Folha de S. Paulo


Legado de Eduardo

Política externa nunca foi central no projeto pessoal de Eduardo Campos. Em sua trajetória –da política universitária à presidência do partido–, a conjuntura global não foi concebida como alavanca de poder nem como âncora de sua visão de país.

Não surpreende, portanto, que seus comentários sobre o tema encontrassem amparo no repertório diplomático do governo Lula, nem que, como candidato, ele evitasse bolas divididas sobre o assunto, que não lhe rendia votos nem magnetizava a sua militância.

Em maio passado, a conjuntura forçou uma mudança de atitude. Seus marqueteiros cobraram diferenças mais claras em relação a Dilma e a Aécio, criando identidade própria capaz de dar substância à promessa de superação da dobradinha PT-PSDB.

Inventar uma plataforma de política externa inovadora seria tarefa árdua. Não apenas há uma notável escassez de ideias a esse respeito no mercado intelectual, como o PSB, partido de Campos, tem tradição no assunto.

Sua voz mais eloquente é a de Roberto Amaral, nosso político profissional na ativa que mais escreve sobre relações internacionais.

Acomodar a cosmogonia de Amaral no projeto de Eduardo para 2014 estava fadado a ser um processo turbulento. Com seu estilo combativo, Amaral vislumbra uma política externa que bebe na Política Externa Independente dos anos 1960 e na visão de mundo do general Ernesto Geisel dos anos 1970.
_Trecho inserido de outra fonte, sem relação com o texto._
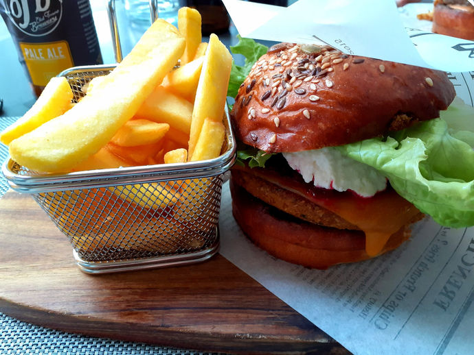 Burger in pivo fest Ob železnici Burger "z njive" s čičerikinim polpetom in pivo Old Franz Brewery
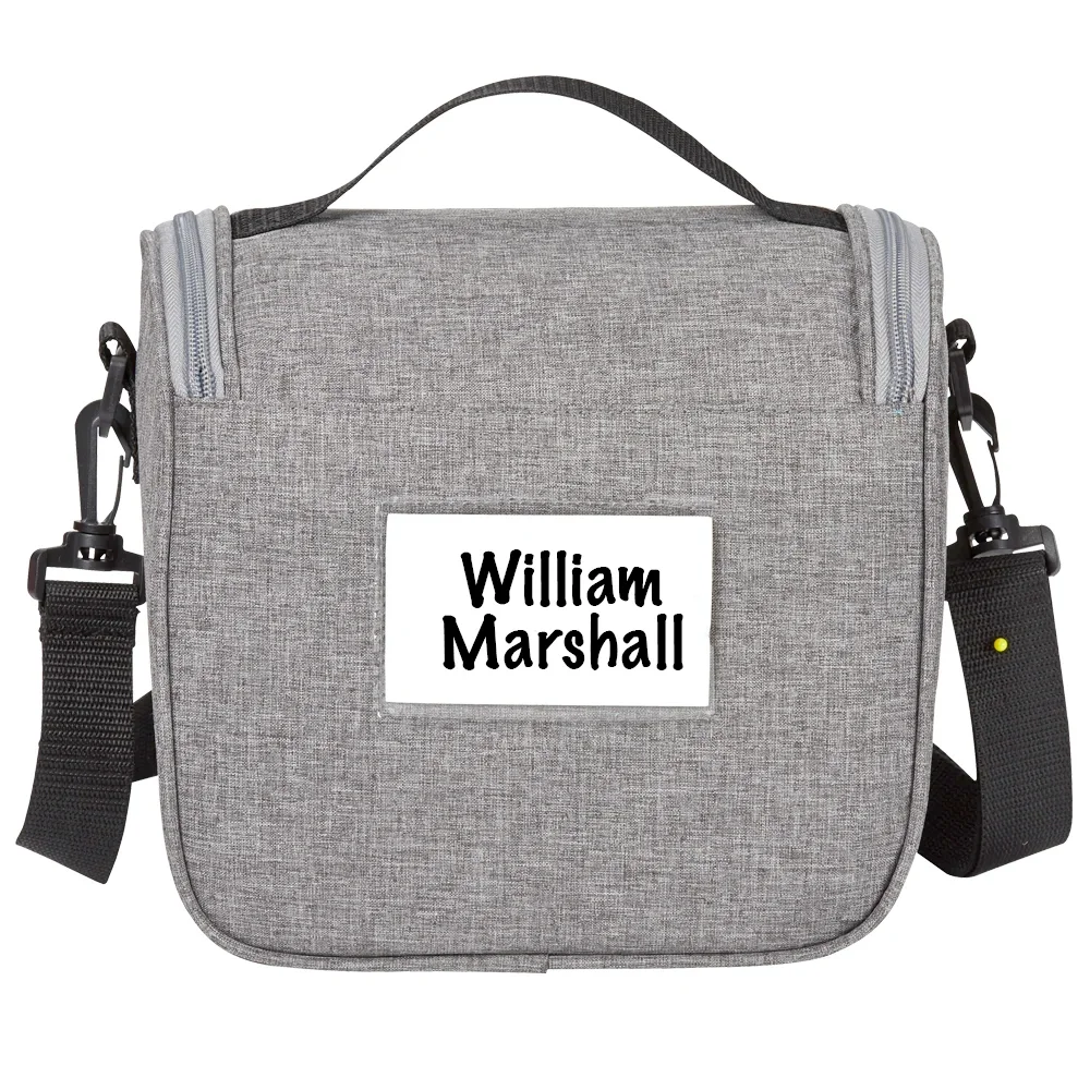Personalized Lunch/Cooler Bag: Dual-zip, foam-insulated, leak-resistant compartment ideal for stacking containers or up to 6 cans with ice; Interior is easy to wipe clean in case of any spills; Fits most food containers for convenient meals on the go; Exterior slip pocket for napkins and quick-grab items; Heathered 300-denier material with bright-blue lining and PEVA foam insulation; Adjustable, removable strap for shoulder or crossbody carry; Top carry handle; ID window on the back

Além do problema das ideias, havia o problema do poder. Amaral fez da política externa um baluarte do vínculo do partido com Lula e de sua própria autoridade sobre os correligionários.

Em sua posição, denunciou tudo aquilo que via como furor de Eduardo: a aliança com Marina, a convergência de ideias com Aécio e uma certa intolerância com as lideranças tradicionais da agremiação.

Dias antes de morrer, Eduardo tentou resolver o problema, cortando-o pela raiz.

A oportunidade apareceu quando a revista "Política Externa" comprometeu-se a publicar uma entrevista sem cortes nem edições a respeito da diplomacia de seu eventual governo.

As respostas de Eduardo golpeiam as teses mais tradicionais do partido. É Beto Albuquerque, não Roberto Amaral.

Rejeita-se a crença petista no declínio americano e defende-se o oposto: os Estados Unidos estariam vivendo uma vigorosa recuperação que os manterá na liderança econômica e tecnológica do planeta.

Na entrevista, Eduardo denuncia a "diplomacia paralela" do PT e critica a leniência com Argentina, Bolívia, Equador e, acima de tudo, Venezuela.

Ele oferece um caminho para flexibilizar o Mercosul, alerta para o risco embutido nos Brics e se diz compromissado com regimes globais de cunho liberal, seja em comércio ou direitos humanos.

O texto reconhece alguns trunfos de Lula estadista, mas mantém distância.

Se essa agenda terá futuro com Marina, ninguém sabe. Se bastará para disciplinar a nova constelação de forças no partido, também não.